Task to carry out ::
Copy the data below exactly, but not the pictures it contains.

Source records ::
+--

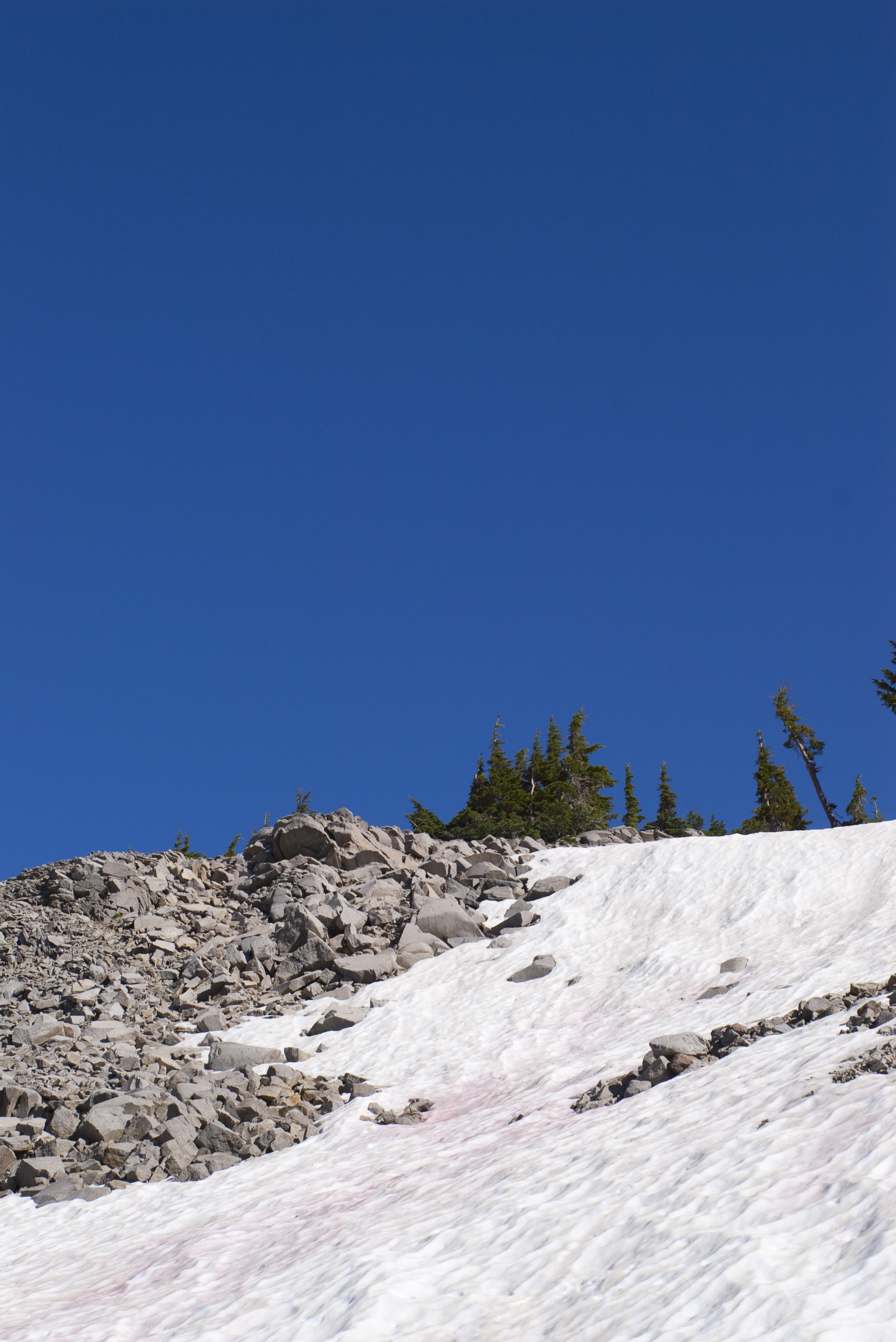 Keywords: rocks, snow, trees, sky, blue, trees, pine tree, spring, melting
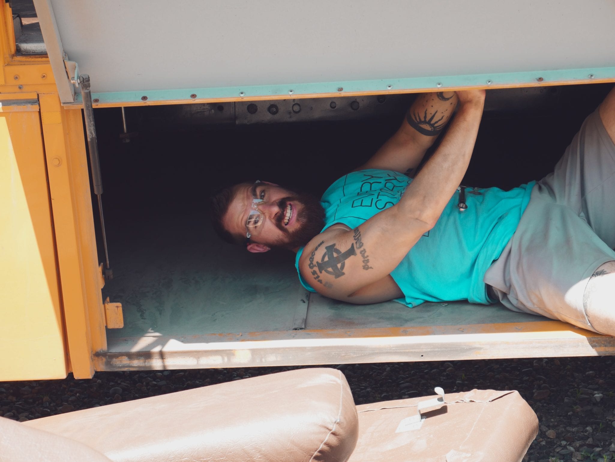 It took hours of sweaty work in the hottest part of a Montana summer to finish this job. I think this may have been the first point we had second thoughts about this whole “let’s build a skoolie” business.
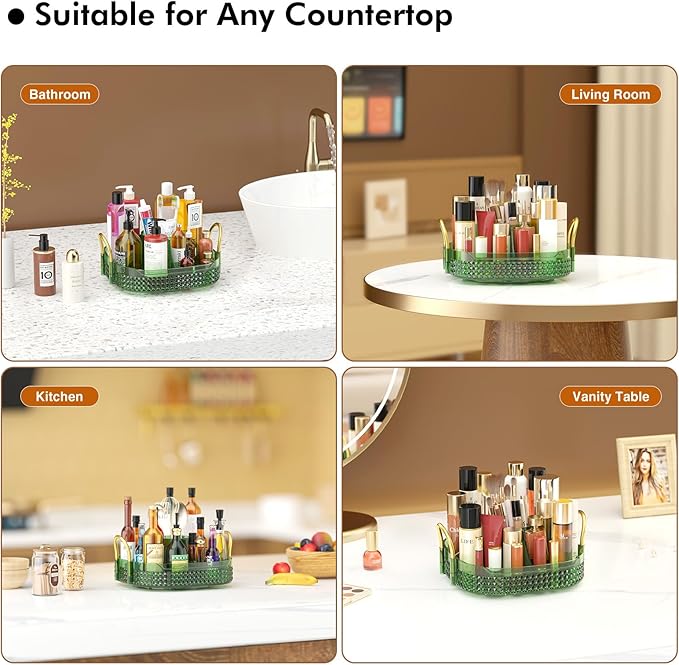 Awenia Rotating Makeup Organizer 360, Stackable Adjustable Large Capacity Cosmetic Storage Unit,Dresser Bathroom Kitchen Countertop Organizer with Metal Handle, Plus Size (Gem Green, 1 Tier)
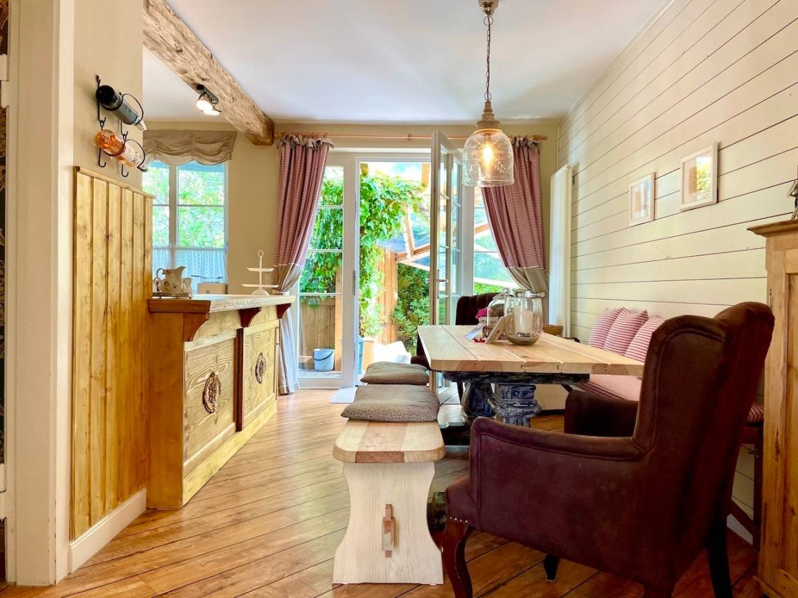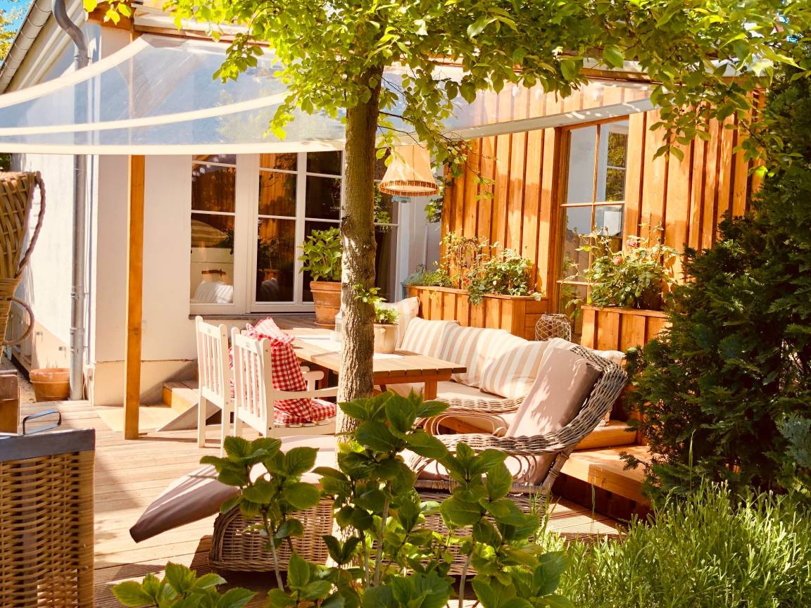 Gesamtgröße 90m², zuzüglich 17qm überdachter Südterrasse, kostenfreies WLAN, Kamin, 1 PKW Stellplatz, Nutzung des Garten SPA mit Schwimmteich, Gartensauna
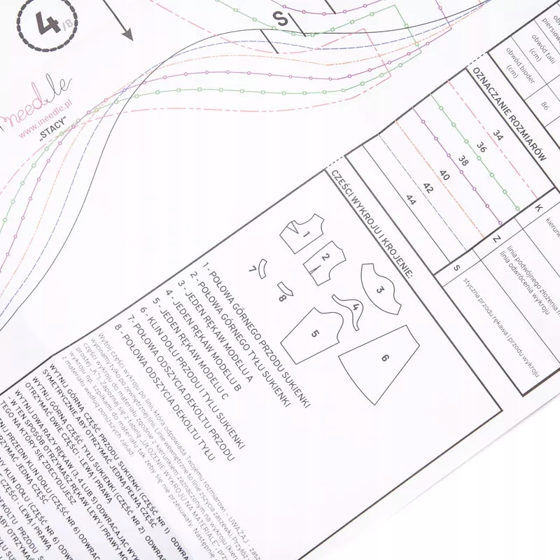 Узор простой и понятный. Он размещается на большой лист бумаги и его размеры четко обозначены. Найти конкретный размер не составит труда, поскольку каждый из них отмечен разным цветом. Благодаря практическим советам, включенным в выкройку, вы узнаете, как правильно измерить свою фигуру и подобрать нужный размер, а также как обвести выкройку и вырезать ткань.
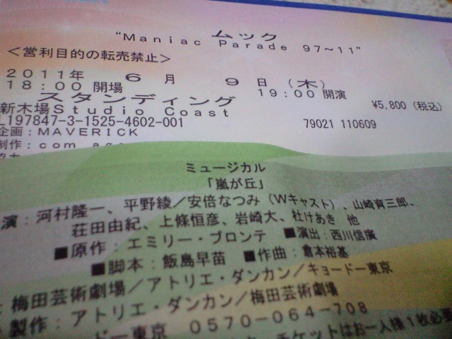 ムックの日ライブと、嵐が丘のチケットを発券して来たんだけど・・・・
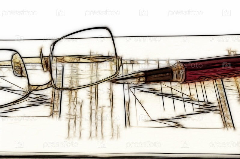Ручка, очки и график
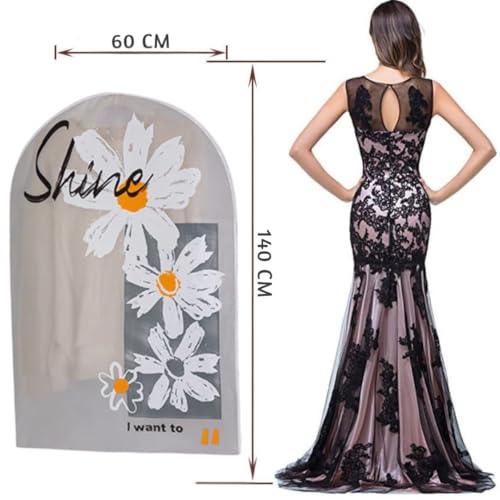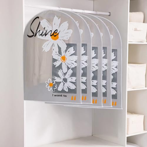 Generic - مجموعة من 5 أكياس ملابس للتخزين في الخزانة، غطاء بدلة بلاستيكي بسوستة مقاوم للماء شبه شفاف للبدلات والمعاطف والجاكيتات والفساتين مقاس 60 سم × 1.40 م (رمادي)
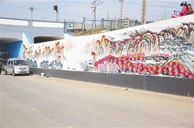 (記者 齊 放 實 習 生 李博昊)崇山峻嶺,漫山紅遍,大好河山盡收眼底;藍天白云,賞心悅目……昔日單調(diào)的涵洞有了“色彩”。3月25日下午,記者在郾城區(qū)龍城鎮(zhèn)十五里店村通往仲李村的孟平鐵路涵洞處,看到多名施工人員正在美化涵洞。
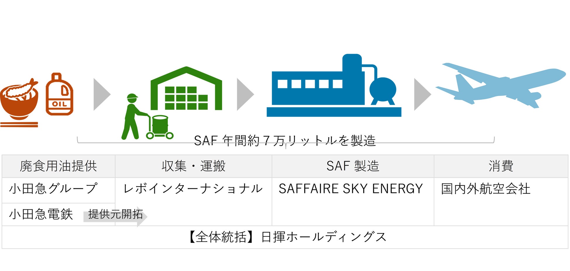 小田急電鉄株式会社(本社:東京都新宿区 取締役社長 鈴木 滋)、日揮ホールディングス(HD)株式会社(本社:横浜市西区 代表取締役会長CEO 佐藤 雅之)、株式会社レボインターナショナル(本社:京都市下京区 代表取締役CEO 越川 哲也)、合同会社SAFFAIRE SKY ENERGY(本社:横浜市西区 代表者 秋鹿 正敬)の4社は、2025年3月31日(月)、使用済み食用油(廃食用油)を国産の持続可能な航空燃料(SAF、「Sustainable Aviation Fuel」の略)の原料などとして再活用する取り組みのため、相互に協力する基本合意書を締結しました。翌4月1日(火)より、小田急グループ各施設の廃食用油年間約8.5万リットルの再活用を開始、沿線を中心に排出元を開拓するなど、その収集力も高めていきます。SAFは従来の航空燃料に比べて環境負荷が低く、日揮HDなどが国内初の大規模製造サプライチェーンを構築し、4月頃より航空各社へ供給を始める予定です。SAFの安定供給を支援することで、国内の資源循環を促進し、脱炭素社会の実現を目指します。

+--

Your solution ::
 Keywords: rocks, snow, trees, sky, blue, trees, pine tree, spring, melting
 It took hours of sweaty work in the hottest part of a Montana summer to finish this job. I think this may have been the first point we had second thoughts about this whole “let’s build a skoolie” business.
 Awenia Rotating Makeup Organizer 360, Stackable Adjustable Large Capacity Cosmetic Storage Unit,Dresser Bathroom Kitchen Countertop Organizer with Metal Handle, Plus Size (Gem Green, 1 Tier)
 Gesamtgröße 90m², zuzüglich 17qm überdachter Südterrasse, kostenfreies WLAN, Kamin, 1 PKW Stellplatz, Nutzung des Garten SPA mit Schwimmteich, Gartensauna
 Узор простой и понятный. Он размещается на большой лист бумаги и его размеры четко обозначены. Найти конкретный размер не составит труда, поскольку каждый из них отмечен разным цветом. Благодаря практическим советам, включенным в выкройку, вы узнаете, как правильно измерить свою фигуру и подобрать нужный размер, а также как обвести выкройку и вырезать ткань.
 ムックの日ライブと、嵐が丘のチケットを発券して来たんだけど・・・・
Ручка, очки и график
 Generic - مجموعة من 5 أكياس ملابس للتخزين في الخزانة، غطاء بدلة بلاستيكي بسوستة مقاوم للماء شبه شفاف للبدلات والمعاطف والجاكيتات والفساتين مقاس 60 سم × 1.40 م (رمادي)
 (記者 齊 放 實 習 生 李博昊)崇山峻嶺,漫山紅遍,大好河山盡收眼底;藍天白云,賞心悅目……昔日單調(diào)的涵洞有了“色彩”。3月25日下午,記者在郾城區(qū)龍城鎮(zhèn)十五里店村通往仲李村的孟平鐵路涵洞處,看到多名施工人員正在美化涵洞。
 小田急電鉄株式会社(本社:東京都新宿区 取締役社長 鈴木 滋)、日揮ホールディングス(HD)株式会社(本社:横浜市西区 代表取締役会長CEO 佐藤 雅之)、株式会社レボインターナショナル(本社:京都市下京区 代表取締役CEO 越川 哲也)、合同会社SAFFAIRE SKY ENERGY(本社:横浜市西区 代表者 秋鹿 正敬)の4社は、2025年3月31日(月)、使用済み食用油(廃食用油)を国産の持続可能な航空燃料(SAF、「Sustainable Aviation Fuel」の略)の原料などとして再活用する取り組みのため、相互に協力する基本合意書を締結しました。翌4月1日(火)より、小田急グループ各施設の廃食用油年間約8.5万リットルの再活用を開始、沿線を中心に排出元を開拓するなど、その収集力も高めていきます。SAFは従来の航空燃料に比べて環境負荷が低く、日揮HDなどが国内初の大規模製造サプライチェーンを構築し、4月頃より航空各社へ供給を始める予定です。SAFの安定供給を支援することで、国内の資源循環を促進し、脱炭素社会の実現を目指します。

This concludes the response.